Hi,
There is a discussion taking place between some of the UK venues at the moment regarding PCI-DSS and the possibility of de-scoping all card transactions or effective outsource the PCI compliance issues. We know that TNS now offer a Hosted Payment - Form model which requires both the TNSPay WebService API and the TNSPay Gateway's Hosted Payment and we were wondering how far Next Gen had gone in considering the new services and developments from payment providers, which may make PCI compliance cheaper, safer and less hassle.
Thanks,
Rob
Will be very interesting to see how this develops...like the ROH we want to explore ways that we can de-scope as much of our infrastructure from PCI as possible. The additional cost and complexity this has already introduced is a serious burden on the IT Department and I can’t see this getting any easier over the next few years.
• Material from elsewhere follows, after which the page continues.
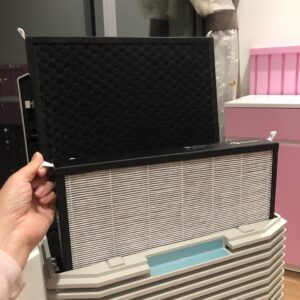- Màng lọc HEPA (MERV 17): Loại bỏ 99.97% bụi mịn PM2.5, vi khuẩn, virus, nấm mốc, phấn hoa và các tác nhân gây dị ứng. Diện tích màng lọc lớn (3.6 m² với 100 nếp gấp).

Just the sheer number of additional systems we now have to monitor (File Integrity Monitoring, IDP/IDS, Log Management, Wireless IPS, etc) together with the additional procedures we now have to follow make this an increasingly large part of the day to day work of the IT Department. As a tier 3 merchant, at least we are able to avoid the added burden of an annual third party audit – however I’m not convinced the threshold for this won’t be reduced over the next few years. Anything that we can do to de-risk as much of our payment infrastructure as possible and therefore remove the PCI overhead will be very welcome.